Presumably regular Chrome will get the same feature.
1. Authenticate the user against Google if possible, so that it always uses the user's latest password
2. Enable the user to log in when offline (assuming the user has logged in online at least once)
3. Enable an SSO experience for Google properties
4. Allow the user to opt-in to auto-login that still does SSO, but does not cache the user's password
We also plan to support alternative authentication systems:
1. Give users an SSO experience at OpenID relying parties
2. Give users an SSO experience at sites for which they've already typed in credentials on a Chromium OS device
It's a reminder that Google has bitten off a huge chunk here.
One other huge example is Gears. I imagine that Google Gears is a central art of the ChromeOS world. But Gears is still really an experiment. Very few people really use it at this stage, certainly they don't rely on it. Very few webapps really have a strong offline mode. Even Google webapps don't have brilliant support yet. You can't even create a new document on Google Docs while offline. What's the workaround? Keep a store of blank document ready.

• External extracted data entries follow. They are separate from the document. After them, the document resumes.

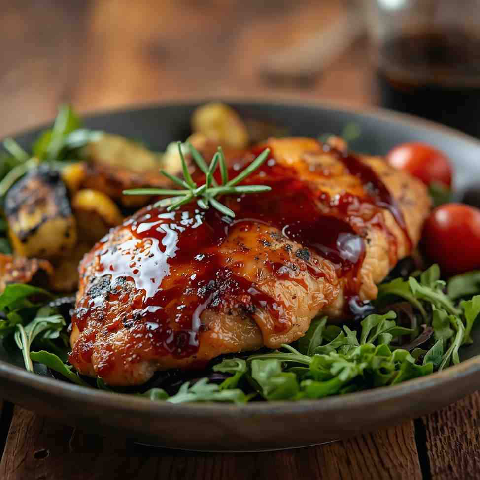- Prepare glaze: Add balsamic vinegar, honey, Dijon mustard, and herbs. Simmer 2–3 minutes.
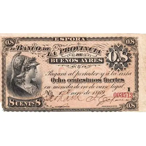 ESPORA EL BANCO DE LA PROVINCIA DE BUENOS AYRES Pagará al portador y á la vista Ocho centesimos fuertes En moneda de curso legal 1º de Enero de 1869 8 Cents 8 (Translation: ESPORA The Bank of the Province of Buenos Aires Wil pay to the bearer and at sight Eight Centesimos Fuertes in legal tender currency January 1st., 1869 8 Cents. 8) |
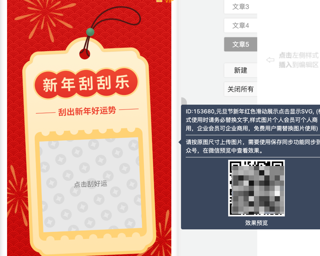 將鼠標(biāo)輕放在樣式上,會出現(xiàn)瀏覽的二維碼,用手機(jī)微信掃碼,即可直觀感受此款SVG玩法。
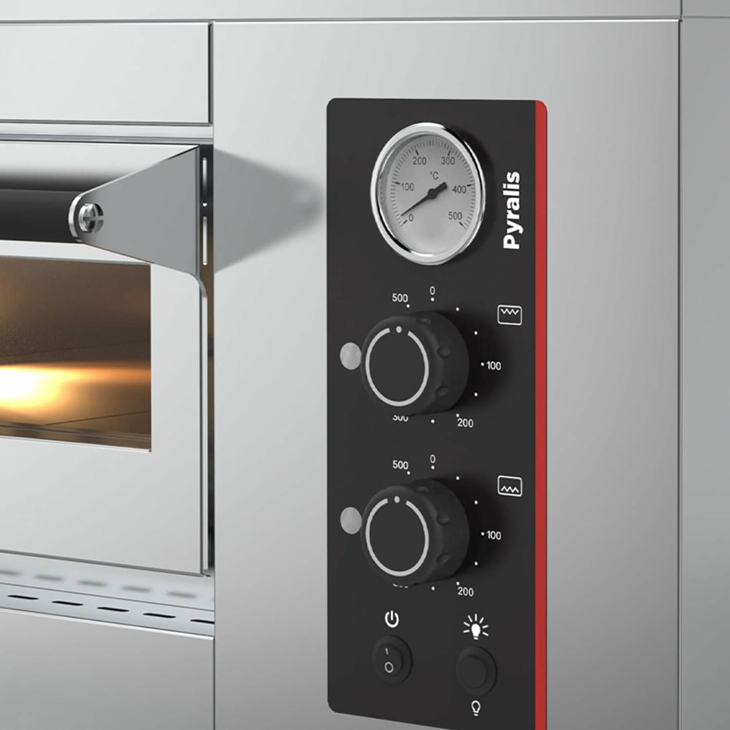 Linia Pyralis obejmuje elektryczne piece do pizzy o pojemności od 4 do 18 pizz o średnicy 33 cm, z manualnymi lub cyfrowymi panelami sterowania. Wszystkie modele mają wytrzymałą konstrukcję ze stali nierdzewnej, podwójnie szklane drzwi zapewniające optymalne zatrzymywanie ciepła oraz rączkę z szczotkowanej stali nierdzewnej, która nie nagrzewa się podczas użytkowania. W wersji cyfrowej system pozwala zapisać do 100 konfigurowalnych programów pieczenia, uporządkowanych według kategorii produktów i podzielonych na wiele etapów. Każda komora obsługuje do czterech niezależnych timerów, umożliwiając jednoczesne przygotowywanie różnych potraw z maksymalną wydajnością. Ustawienia temperatury można regulować w °C lub procentach mocy %, a tygodniowy harmonogram włączania/wyłączania automatyzuje zarządzanie energią. Tryby ECO i BOOST pozwalają dostosować wydajność do różnych wymagań serwisowych — zmniejszając zużycie energii w spokojniejszych okresach lub maksymalizując wydajność w godzinach szczytu. Wreszcie funkcja czyszczenia pirolitycznego zapewnia głęboką, łatwą higienę na koniec każdego dnia. Pizza Group Pyralis to więcej niż tylko piec do pizzy: to inteligentny partner, który upraszcza i wzbogaca każde doświadczenie kulinarne.
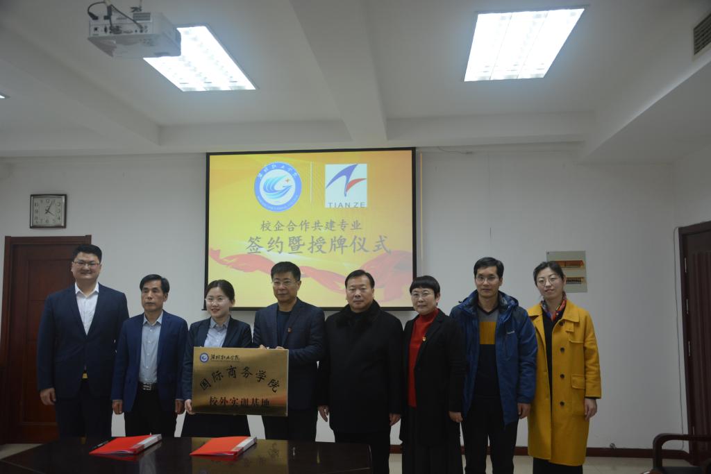 1月12日下午,我校与潍坊天泽人力资源管理有限公司共建专业签约暨校外实训基地授牌仪式在奎文校区会议室举行。学校副校长贺志强、潍坊天泽人力资源管理有限公司总裁董文华、学校科技处、国际商务学院负责同志等出席了仪式。

I wonder how much will have come together by the time the first devices launch. The ChromeOS experience at 2012 might be very different to ChromeOS the ChromeOS experience 2010. It seems to me like ChromeOS assumes that problems like SSO, data security, offline webapps, etc. will have been more or less solved pretty soon.
as a guy with a startup focused on this area for 12 months, i am curious to know what the group thinks about having some form of identity be stored in the cloud by a single company (e.g. google) or managed locally at your PC/phone (stored by NO company) and synched across devices?